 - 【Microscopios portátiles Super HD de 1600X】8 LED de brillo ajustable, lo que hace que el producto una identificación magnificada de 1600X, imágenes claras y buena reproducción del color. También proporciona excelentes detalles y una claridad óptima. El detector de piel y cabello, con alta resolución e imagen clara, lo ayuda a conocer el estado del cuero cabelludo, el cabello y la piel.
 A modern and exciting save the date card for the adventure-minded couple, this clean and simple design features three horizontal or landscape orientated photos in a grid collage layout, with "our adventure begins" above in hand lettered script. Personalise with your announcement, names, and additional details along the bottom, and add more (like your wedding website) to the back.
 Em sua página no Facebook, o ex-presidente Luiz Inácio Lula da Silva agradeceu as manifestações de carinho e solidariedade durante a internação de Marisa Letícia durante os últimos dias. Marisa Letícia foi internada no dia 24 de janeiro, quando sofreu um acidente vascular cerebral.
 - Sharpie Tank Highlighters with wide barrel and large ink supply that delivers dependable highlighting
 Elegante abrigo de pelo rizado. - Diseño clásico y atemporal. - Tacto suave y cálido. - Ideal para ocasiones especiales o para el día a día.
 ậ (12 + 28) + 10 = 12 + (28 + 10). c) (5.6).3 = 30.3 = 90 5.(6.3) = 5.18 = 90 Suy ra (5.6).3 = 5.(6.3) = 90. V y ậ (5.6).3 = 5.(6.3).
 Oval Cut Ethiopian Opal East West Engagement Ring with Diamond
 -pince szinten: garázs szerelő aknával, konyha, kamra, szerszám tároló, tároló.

+ + + + + + +

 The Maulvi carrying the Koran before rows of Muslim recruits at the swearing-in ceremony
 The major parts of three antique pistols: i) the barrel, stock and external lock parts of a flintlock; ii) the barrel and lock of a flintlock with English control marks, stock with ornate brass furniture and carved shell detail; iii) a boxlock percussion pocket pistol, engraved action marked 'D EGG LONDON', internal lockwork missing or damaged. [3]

+ + + + + + +

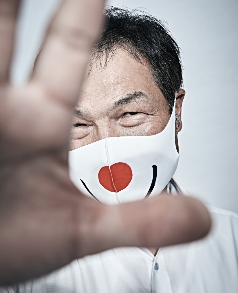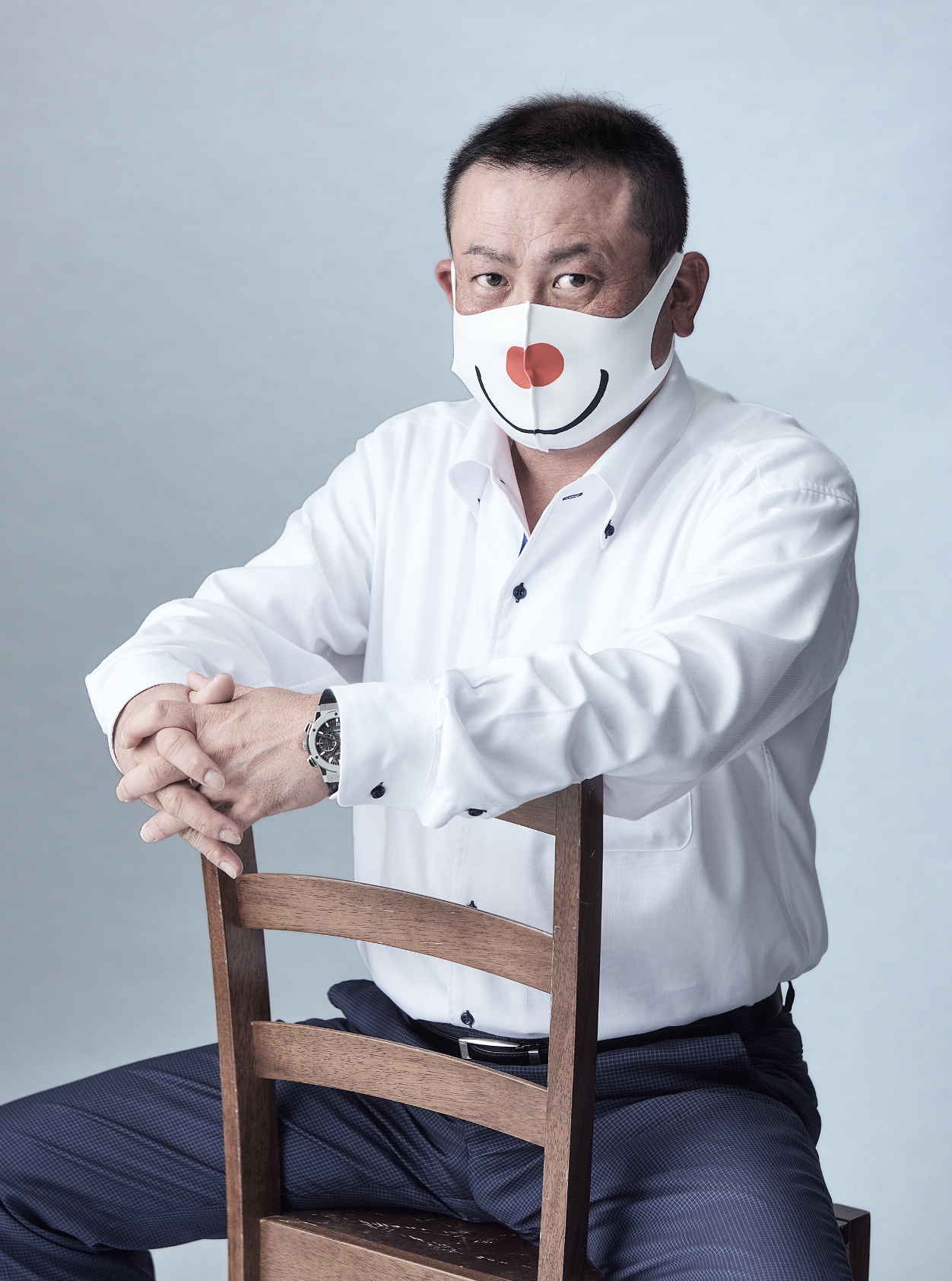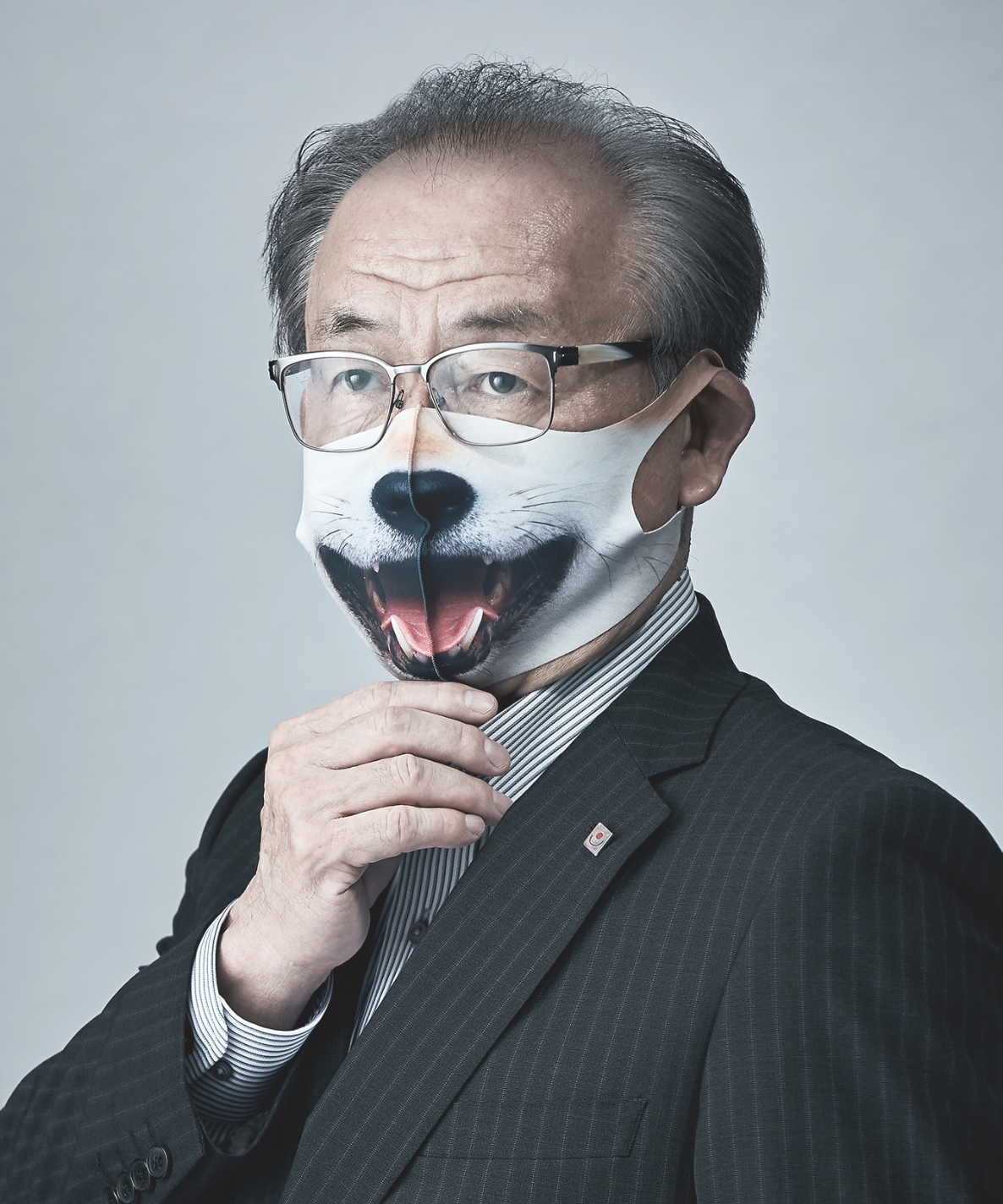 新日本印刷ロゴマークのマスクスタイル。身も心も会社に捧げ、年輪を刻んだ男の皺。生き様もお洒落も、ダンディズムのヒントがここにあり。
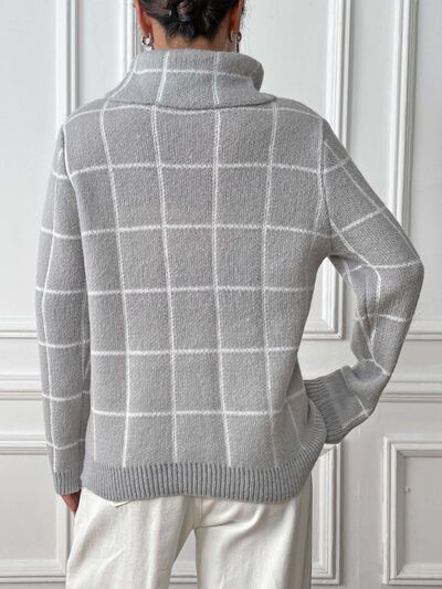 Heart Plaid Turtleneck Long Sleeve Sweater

+ + + + + + +

YOUR ASSIGNMENT ▸
In the listing above, find the line with "新日本印刷ロゴマークのマスク" and output it and every line after it up to and including the line with "Heart Plaid Turtleneck Long Sleeve Sweater", exactly, minus the pictures.

EXERCISE OUTPUT ▸
 新日本印刷ロゴマークのマスクスタイル。身も心も会社に捧げ、年輪を刻んだ男の皺。生き様もお洒落も、ダンディズムのヒントがここにあり。
 Heart Plaid Turtleneck Long Sleeve Sweater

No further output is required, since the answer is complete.